A founder of Mother Jones magazine, Hochschild is perhaps best known these days as an author of books whose characters almost always fight for justice — whether it’s the campaign against Dutch colonialism in “King Leopold’s Ghost,” the abolitionists against the British slave trade in “Bury the Chains,” the volunteers for Spain’s 1930s war against fascists in “Spain in Our Hearts,” or the activists allying with unions to fight 1920s sweatshop labor in “Rebel Cinderella.” 

Author Adam Hochschild on Democracy Now! in 2018. (Twitter/Democracy Now)

Hochschild is also among those veterans we salute on Veterans Day, having served in the Army Reserves during the Vietnam War. As a young progressive journalist during his Army days, he wrote for leftist publications Ramparts and Liberation, and used his last year in the reserves to organize Reservists Committee Against the War. 

“Why did I join the reserves? To avoid the draft!” he explained. It was early 1964, after Hochschild graduated from Harvard. “Our presence in Vietnam was almost nonexistent at that time.” He knew that the Army wasn’t deploying the reserves overseas, the way they had in the World Wars (and would in Iraq and Afghanistan). The unit, located in Berkeley, California, had a lot of like-minded peers. “If they had tried to deploy us,” he said, “there would have been a mass exodus to Canada.”
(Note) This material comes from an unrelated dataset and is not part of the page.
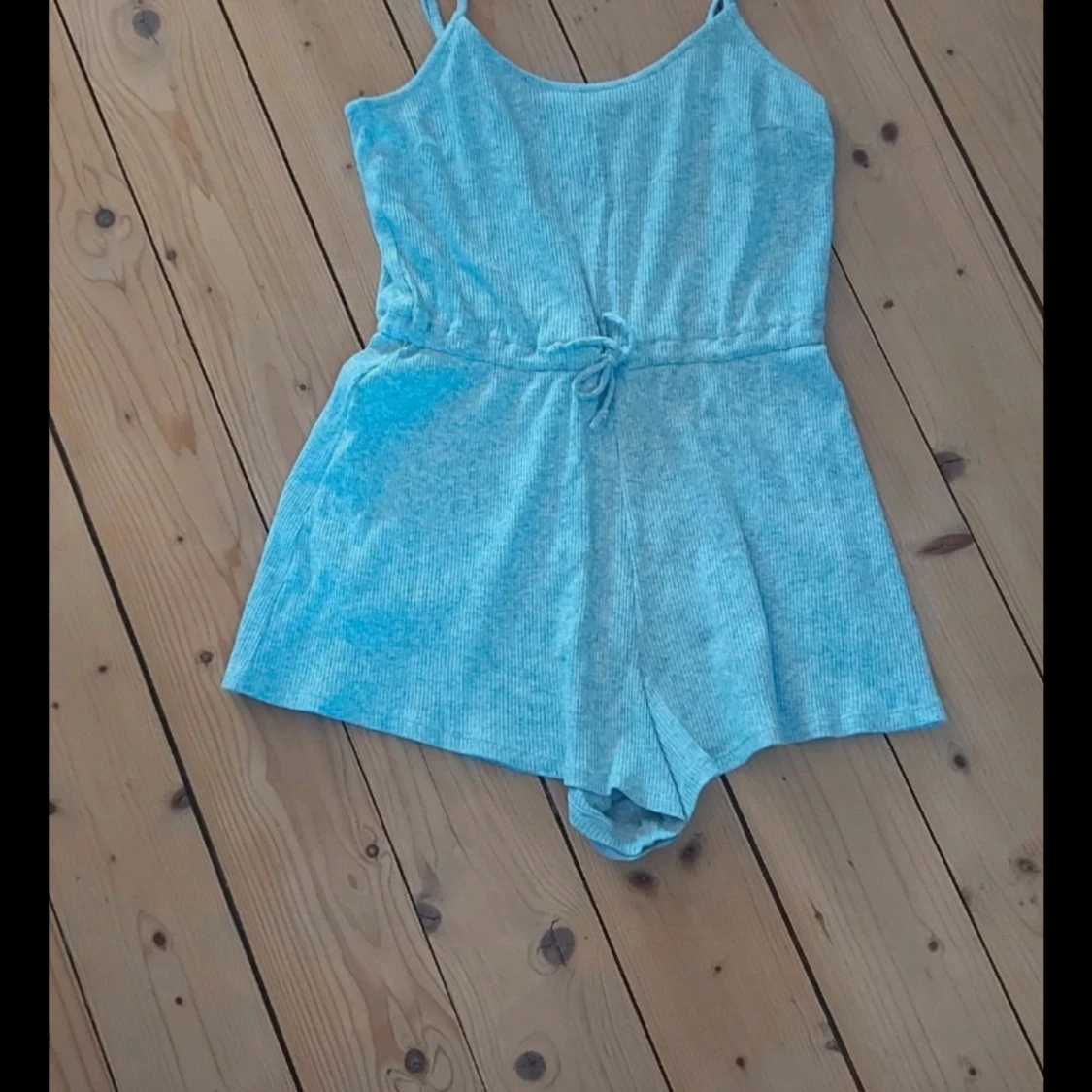 Säljer en söt ljusgrå ribbad jumpsuit med smala axelband och knytning i midjan. Perfekt för varma sommardagar. Den har en avslappnad passform och är superbekväm att bära. Passar perfekt för en dag på stranden eller en avslappnad utflykt. 🌞

Hochschild was already a veteran disruptor: In 1962, while still in college, he’d spent a summer in South Africa working for an anti-government newspaper, and remembers when Nelson Mandela’s supporters filled the streets of Cape Town the week their leader was captured and imprisoned. “The time I spent in South Africa then was a watershed in my life,” he wrote years later. “ Dimly, unable to assimilate it all at the time, I had the sense that summer that I was traveling back and forth across a battlefield.” Then he went home, finished college and started figuring out what to do about the draft.

In 1964, Hochschild joined the Reserves, in an administrative company near where he was living in Berkeley, California. While other reserve units trained with weapons or ammunition, “We administered ourselves! We ran a messenger service, and my section published a newsletter.” It felt strange going to monthly drills while the Bay Area and the country exploded in protest, he told me, but at least the rest of his unit felt the same way. Together they published Redline, the unit’s contribution to the era’s thriving GI press movement. “An artist friend did the logo for me, [and] we used whatever photos readers sent us.”


The first issue of Redline gently explained that “This newsletter is the first in a series for the more than 500 officers and men who signed the statement ‘Reservists and National Guardsmen Say No to the War.’” On the issue’s back page was a prescient warning about “announced plans to call up the reserves and guard for the next Vietnam instead of draftees.”

Covering the first-ever picketing of the annual Reserve Officers Association convention, Redline quoted its keynote: “Our business interests and our investments are world-wide. Our essential raw materials are gathered from around the world. I think that we must have, and will have, a formidable military striking power.” That quote, from Sen. John Stennis, was reprinted in Fort Bragg’s and other GI papers, part of a blossoming of hundreds of underground and subversive GI newspapers, most based at U.S. installations. 

Hochschild kept up the progressive-journalist career he’d started in South Africa; he got a journalism visa from the young government of Cuba, flying to Havana on assignment to write for the nation’s premier leftist publications, Ramparts and Liberation. Improbable as such a trip might seem, his 1970 report from Havana now appears in several collections of writing about Cuba. 

The trip “was remarkable,” he said softly. “My reserve unit wasn’t thrilled.” He started organizing Reservists Against the War when he was on his way out, with little to lose. The GI movement was an important ingredient in shortening the war. “It made people realize that they were not alone [opposing the war], that people inside the military felt the same.” Hochschild laughed: “It certainly upset the Army.”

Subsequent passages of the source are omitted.